Thursday, August 20, 2009

35 weeks!

I had my 35 week doctor's appt. today and everything still looks great. Her heartbeat is strong and I am measuring in the average range. So, the doctor is guessing that she will weigh around 6 or 7 lbs. when she is born. My next doctor's appt. is two weeks from now and from that point on I will have an appt. once a week.

I had a few days/nights this past week that were rough w/ me beginning to get uncomfortable and waking up at 4 in the morning wide awake! However, thankfully, it hasn't been every night and the last two days I've actually felt pretty good again.

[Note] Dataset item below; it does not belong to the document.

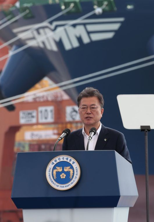 그로부터 3년이 지난 지난달 29일 문 대통령은 '해운산업 리더국가 실현전략 선포 및 한울호 출항식'에서 "'해운업 재건'에 시동을 건 지 3년, 한국해양진흥공사 설립과 HMM이 신규 발주한 초대형 컨테이너선 20척을 계기로 우리 해운업이 기적같이 살아났다"며 "지난해 첫 출항한 세계 최대 컨테이너선 '알헤시라스 호'를 시작으로 만선이 계속되고 있다. 해운 강국의 자존심을 다시 찾았다"고 기뻐했다.
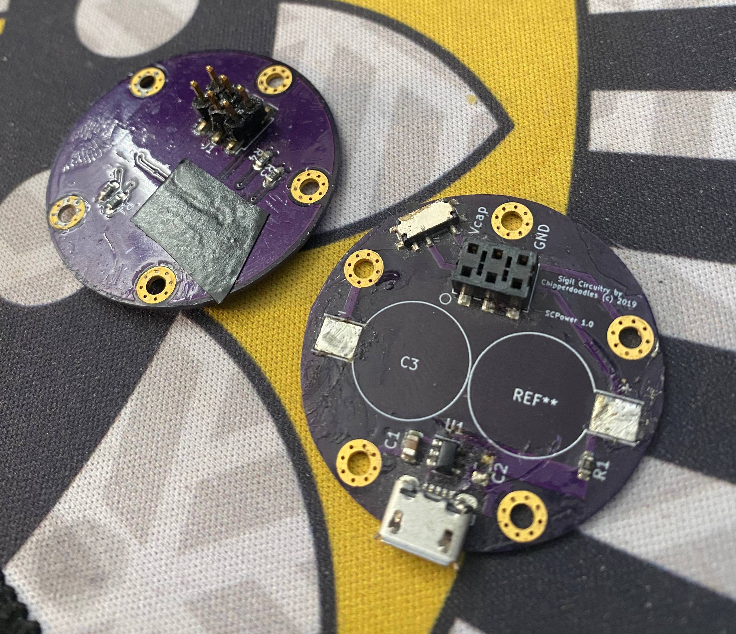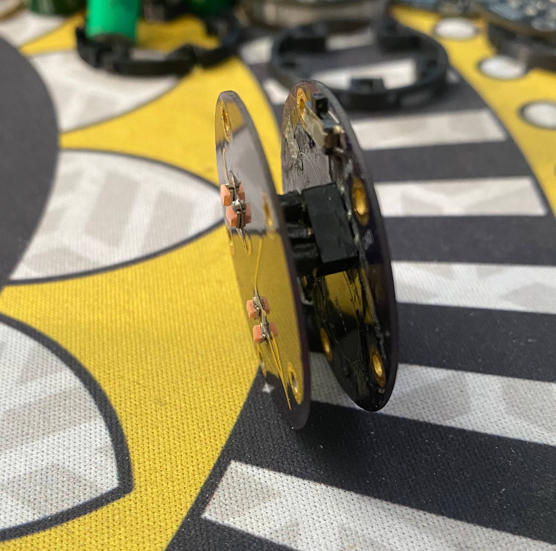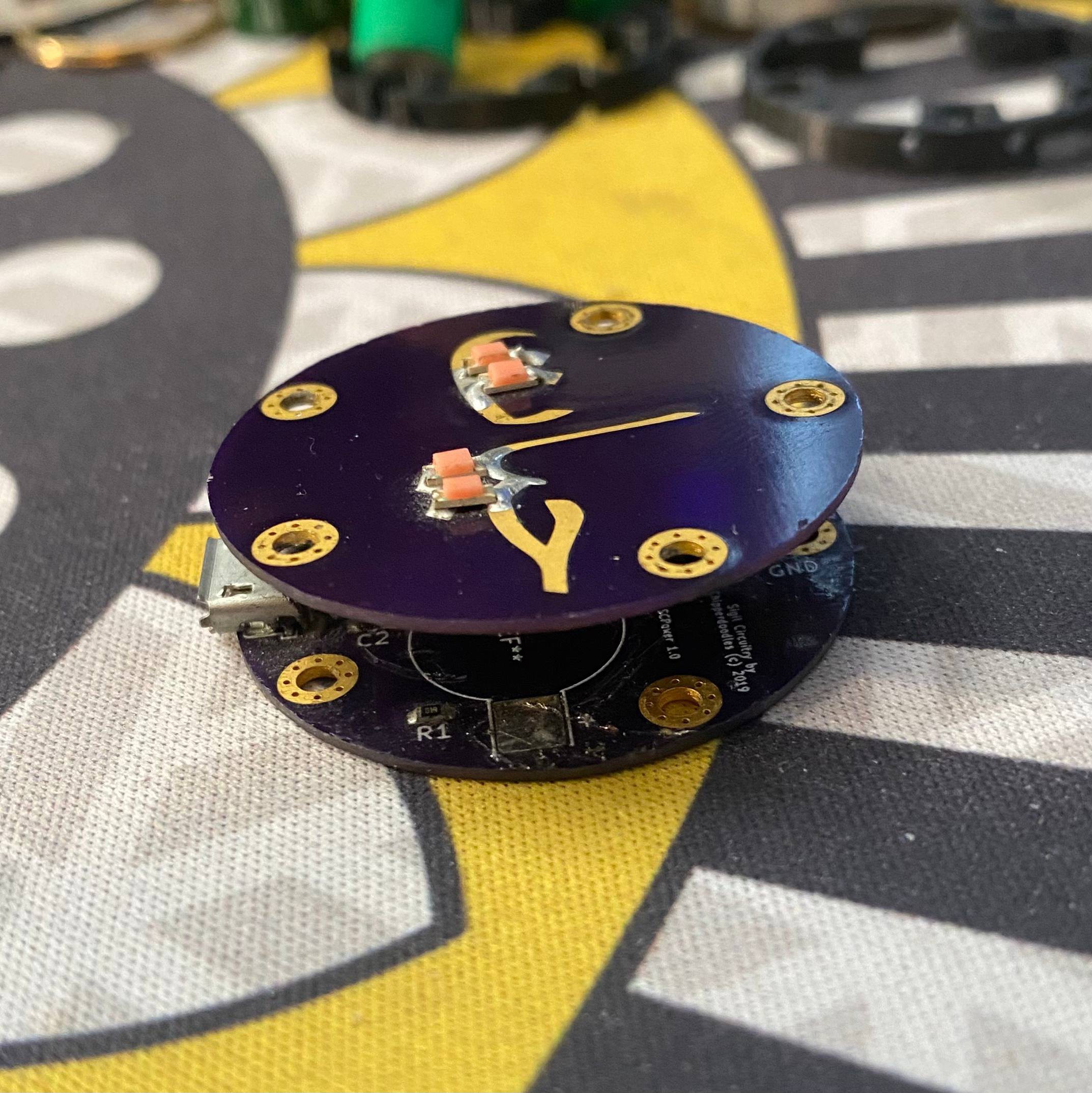So with sails unfurled I start designing my next amulet. I tried to find the lowest profile SMD that would be easy to solder and settled on a 6 pin 2.54mm header. Also while working on this version I decided to experiment with overall height I tested out using 0.8mm for both base board and face plate pcb thickness.

It makes it easier too w/ me at home and not starting a new job until Nov. In fact, I actually feel a little guilty that things are going this smoothly, especially given that Ben and I have a family member on his side and a couple friends who have had serious pregnancy complications/baby issues. I can't imagine how difficult that would & our prayers go out to them be b/c I know I worry enough about our baby as it is...

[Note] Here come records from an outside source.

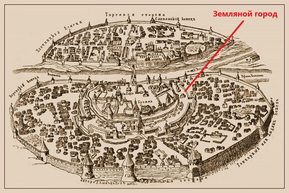 Считается, что в это время Земляной город Новгорода включал в себя ров шириной 20-30 метров, бревенчатую стену высотой 4 метра и длиной 2 км и 9 деревянных башен высотой 8–10 метров (1;15, с.108 – 110; 18). С 1632 года Земляной город существенно не перестраивался.
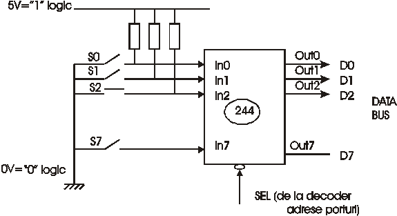 Vom furniza în fig. 7.2. o schema de intrare a unui octet în sistemul de calcul Acest octet va fi furnizat sub forma pozitiei unor microîntrerupatoare (switch - uri) care se pot gasi pe pozitia OFF ("0" logic) (legatura facuta la "0") fie pe pozitia ON (lasata "în aer" = 1 logic). Este o situatie foarte des întâlnita când CPU are de citit configurarea unui echipament periferic acesta furnizându-i octetul prin pozitia unor switch-uri sau "jumpere" aflate pe placa de baza sau placa de extensie (controlerul propriuzis ).
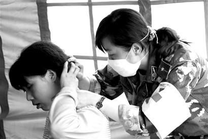 來到前線,尹萍除了救治災(zāi)民外,還要負(fù)責(zé)給尸體消毒。只要挖出的尸體一露出頭或腳,尹萍就會(huì)第一個(gè)沖上去給尸體消毒,再由戰(zhàn)士抬出來。由于許多戰(zhàn)士都是第一次接觸尸體,多少有點(diǎn)害怕,抬一具尸體就要換個(gè)口罩。尹萍總會(huì)上前安慰:“尸體沒有腐爛就沒有毒,大家不要怕!
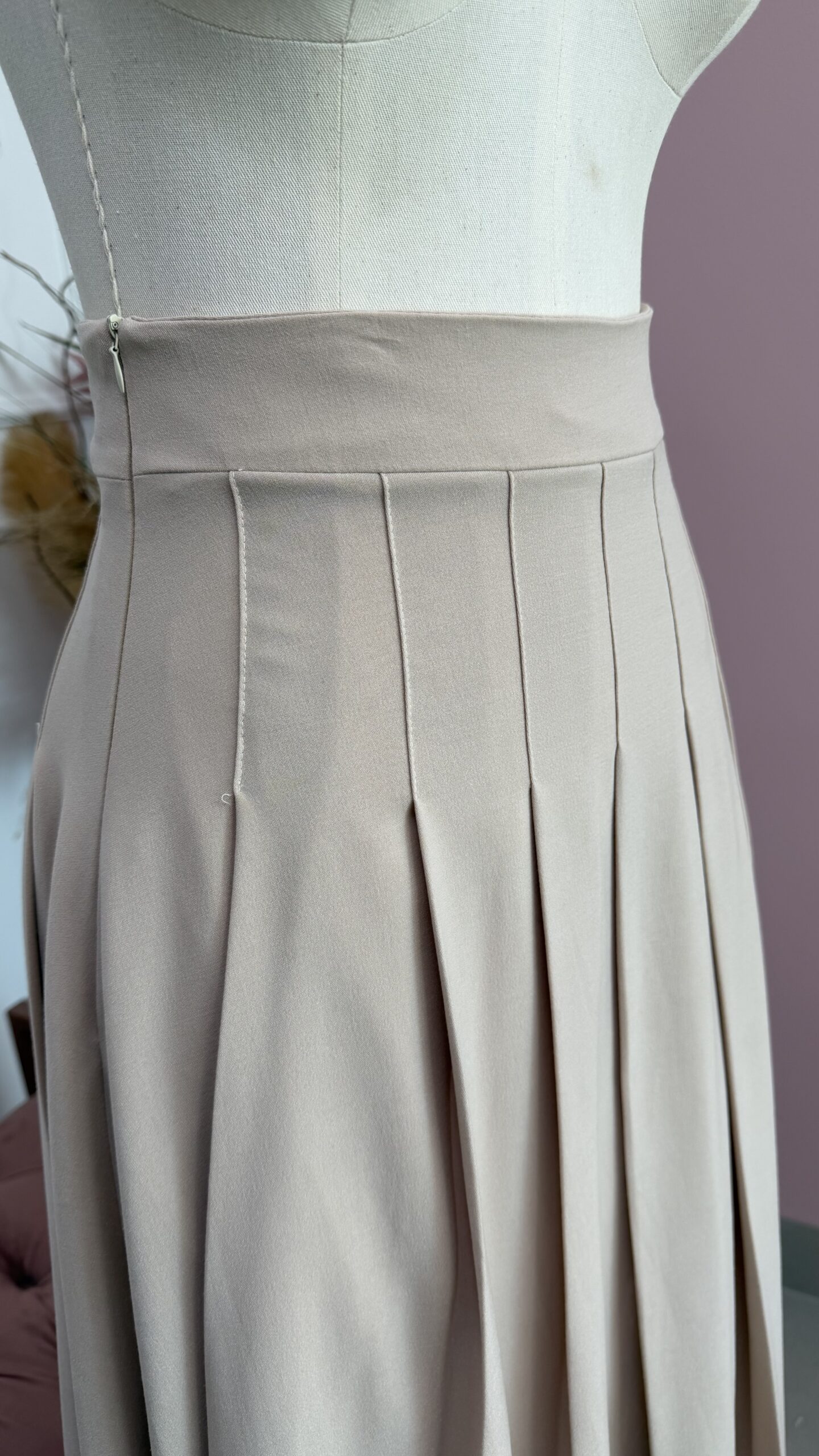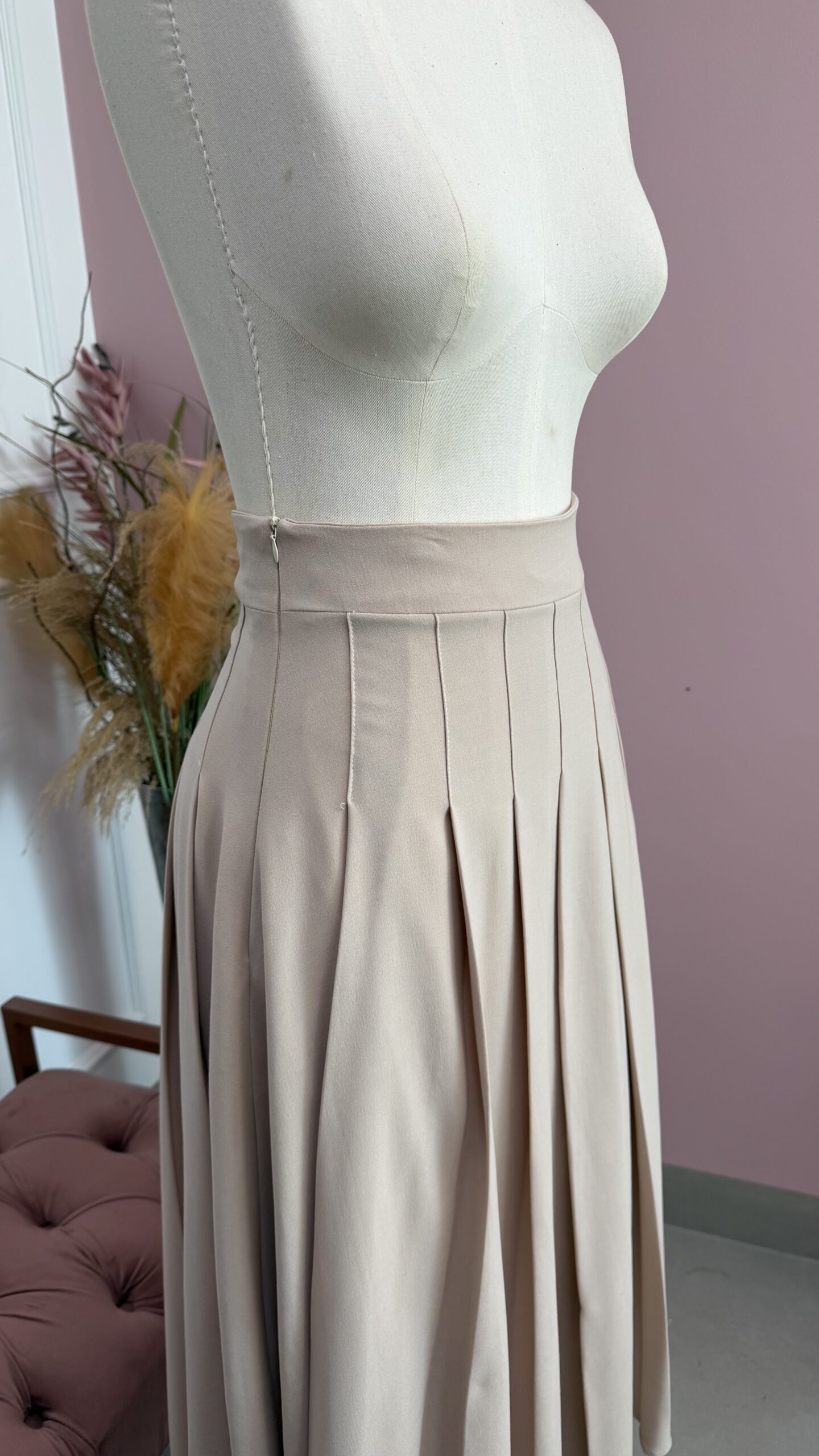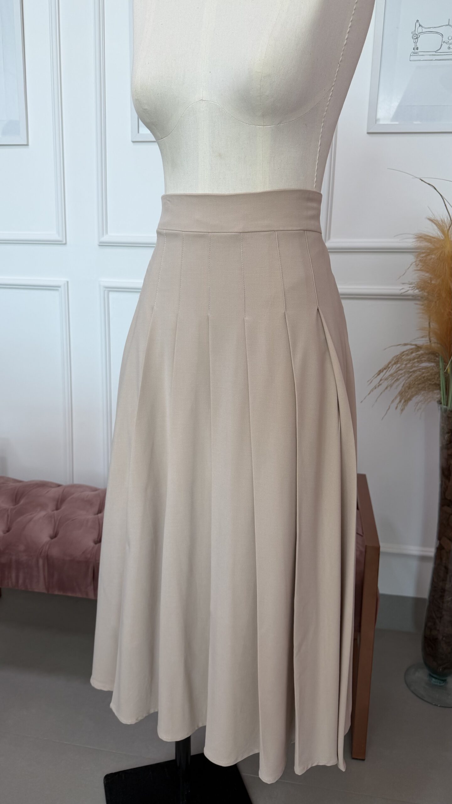 Essa saia é sinônimo de elegância e modernidade com seu estilo em alafaitaria, além de ser super versátil e está em alta! Com cós anatômico, pregas rebatidas no estilo colegial e comprimento midi. O sinônimo da elegância!

This coming weekend is my last baby shower for my mom's side of the family, some neighbors, and friends. It is at our house, which I am excited about b/c a lot of people haven't gotten to see the house yet, even though we've lived here a year now. The nursery is now finished too w/ furniture in it, so after this weekend I will probably post pictures of both, along w/ my 35 week pregnancy picture. I will say I am feeling bigger by the day & we are both starting to get antsy about wanting to meet our baby and bring her home (outside my stomach that is)! The best way to describe my feelings right now - since I can't resist adding something about feelings given my profession -- I would compare it to a rollercoaster. Overall, I am thrilled & it is one of the most special times in my life so far. However, it isn't without its moments of anxiety and fear that everything in the last few weeks will go well, that I will survive labor, and that I will be a good mom once we get home!